Suppose we have a data frame with 1000 rows and 100 columns. The first column is the names and the rest are values or empty. Many rows have the same name. How can I add them and have each name once with the summation of the values?
For example the name Alex on the first row has the values 20, 30, 40 and on 2 other rows again we have Alex with values 10,10,20 respectively. So my new data frame should only have the row Alex just once with values 40, 50, 80
EDIT : First of all thank you all for your feedback. Sorry if I was not clear. Imagine I have the following matrix
Names Last name price1 price2 price3 (no named column)
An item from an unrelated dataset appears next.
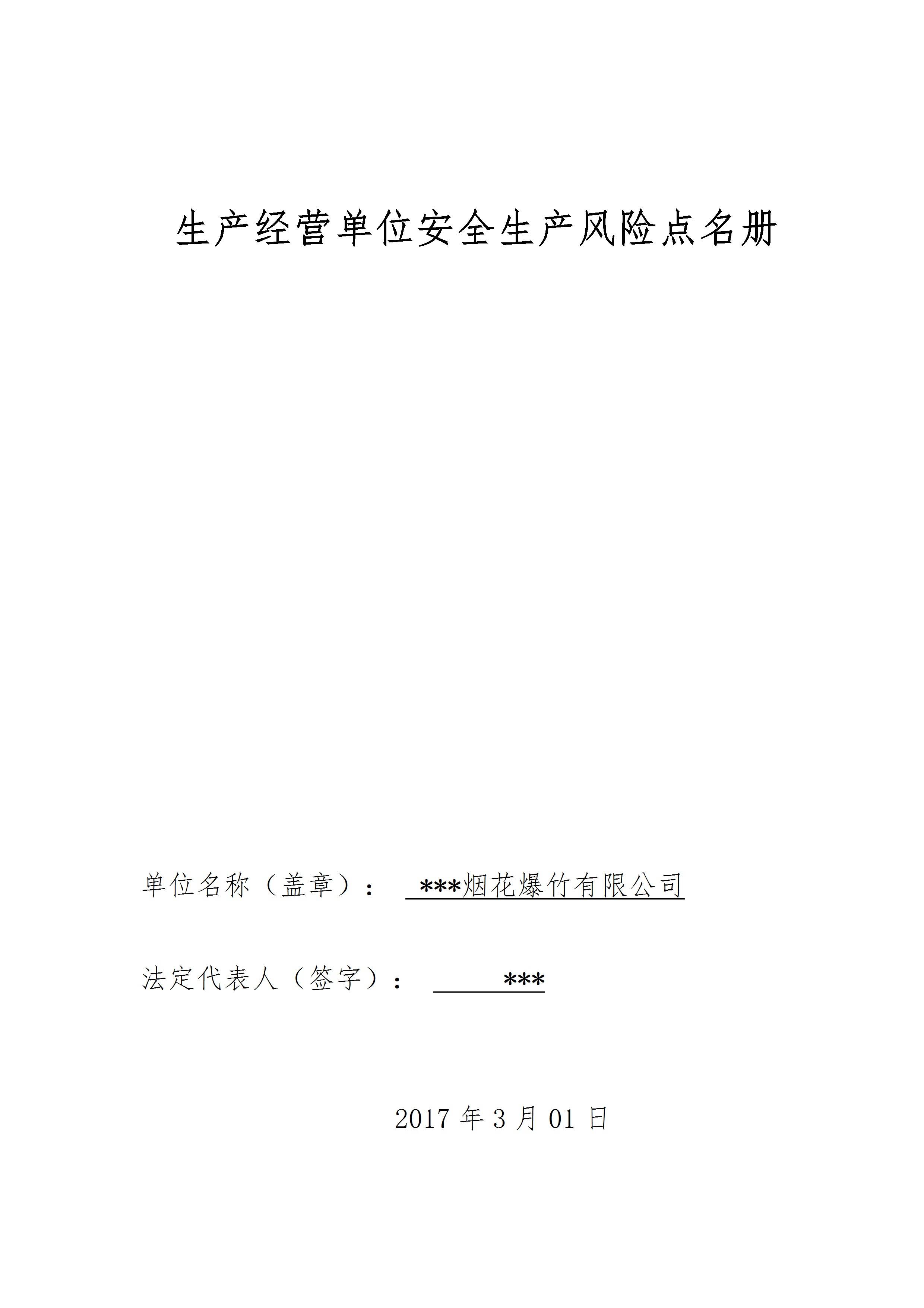 / 烟花爆竹有限公司风险点名册[文档版]

-------------------------------------------------------------------------
Alex Robinson 10 20 30 (a string)
Bill Towns 10 40 50 (empty)
Alex Robinson 30 10 20 (empty)
George Leopold 10 10 10 (empty)
Alex Robinson 20 20 20 (empty)
Names Last name price1 price2 price3 (no named column)
(no named row)
---------------------------------------------------------------------------
Alex Robinson 60 50 70 (a string)
Bill Towns 10 40 50 (empty)
George Leopold 10 10 10 (empty)
But instead of 3 columns imagine I have 100. Thus I cannot do them explicitly by their name for example
EDIT2 : I forgot to tell you that some rows also contain a string. Unfortunately I get an error for this command
df8 = data.groupby('Name').sum()
I have already sorted the dataframe with this command
data2 = data.sort_values('Name',ascending=True).reset_index(drop=True)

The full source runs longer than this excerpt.